Memaafkan atau Membenci, Mana Yang Akan Dipilih?
Seingat saya ada lirik lagu yang berbunyi, "Madu di tangan kananmu, Racun di tangan kirimu. Mana yang akan kau berikan kepadaku?" Tapi tulisan ini tidak ada hubungannya dengan lirik lagu tersebut di atas. Karena artikel ini ditulis berdasarkan pengalaman pribadi.
Pernah ada yang memberikan komentar, "Pak Tjip, mengapa hampir setiap tulisannya hanya menuliskan pengalaman pribadi? Mengapa tidak memilih topik lainnya?"
Nah, inilah salah satu kelemahan saya dari ribuan kelemahan lainnya, yakni tidak mampu menuliskan artikel berdasarkan pendapat para ahli. Maka dengan penuh rasa percaya diri.
Sejak awal menulis hampir seluruh artikel saya berbau cuplikan pengalaman pribadi. Antara lain adalah ketika tiba di persimpangan jalan hidup, yakni memilih, "membenci atau memaafkan orang yang sudah mengkhianati saya?".
Sempat Terbelenggu Oleh Rasa Amarah
Merasa dikhianati oleh sahabat baik sendiri, sehingga nama saya masuk koran dan wajah saya masuk TV bahkan nama saya sempat masuk DPO (Daftar Pencarian Orang ), sungguh menyebabkan rasa kemarahan membelenggu jiwa saya.
Makan tidak enak, tidur tidak nyenyak bahkan hampir setiap malam mimpi buruk yang sama, yakni terperosok dalam lubang yang dalam. Saya bahkan tidak lagi berani berdoa karena dalam doa yang diajarkan dalam agama yang saya imani adalah:
"Ampunilah kesalahan kami, seperti kamipun mengampuni yang bersalah kepada kami". Jadi sudah ada patokan atau takarannya, kalau saya mau minta ampun atas dosa dosa saya, maka saya juga harus mampu memaafkan orang yang bersalah kepada saya. Tapi bila saya belum mampu memaafkan orang yang bersalah kepada saya, maka percumalah saya berdoa karena batasan sudah diberikan.
Pada Saat Saya Mampu Memaafkan, Sungguh Merasakan Kemerdekaan Hidup Yang Sejati
Setelah berjuang melawan diri sendiri, akhirnya saya mampu mengalahkan diri sendiri dan memaafkan sahabat saya yang sudah mengkhianati saya.
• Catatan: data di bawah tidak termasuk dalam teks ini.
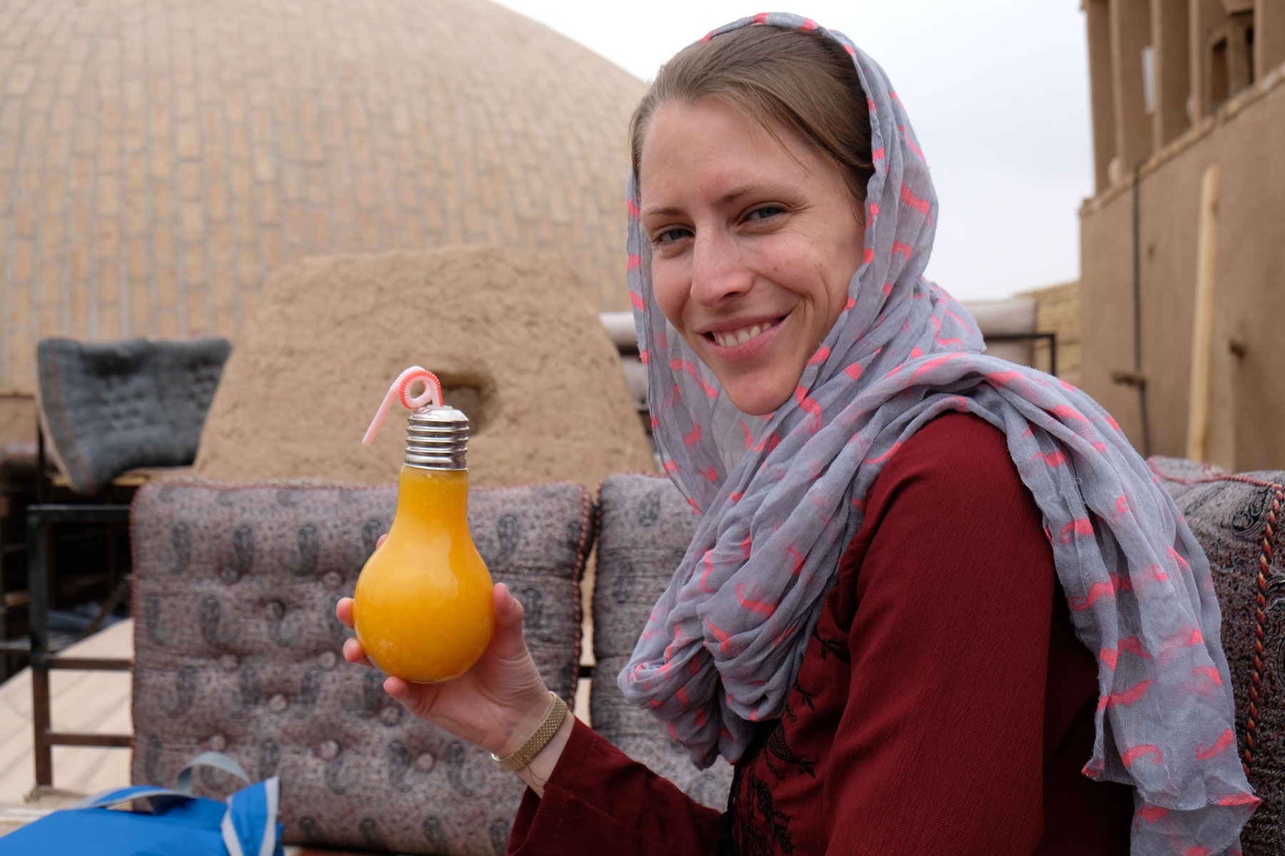 Zum Glück haben wir für heute einen Tagesausflug zu verschiedenen Sehenswürdigkeiten außerhalb Yazds gebucht, weshalb die morgendliche Müdigkeit schnell vergessen ist. Als wir nach dem sehr schönen, aber auch anstrengenden Ausflug wieder in der Stadt sind, möchten wir am liebsten zurück in die Wohnung. Doch Muhammad ist per Anruf nicht zu erreichen und auch über Whatsapp antwortet er nicht. So bleibt uns nichts anderes übrig, als bei einem frischen Fruchtsaft in einem Restaurant auszuharren.

Ketika sahabat saya datang minta maaf dan memeluk saya dan saat saya membisikan, "Saya maafkan anda ", maka saat itu juga bagaikan belenggu yang merantai jiwa saya putus dan saya sungguh merasakan kemerdekaan sejati.
Sejak saat itu, saya bisa tersenyum, tertawa dan bisa makan enak dan tidur nyenyak. Hingga kini, saya bersyukur dapat menikmati hidup bebas bersama istri tercinta.
Bebas dari segala hutang piutang, bebas dari kartu kredit dan yang paling penting adalah bebas dari kebencian dan dendam. Sejak dari bangun pagi, kami nikmati kebersamaan kami dengan penuh rasa syukur.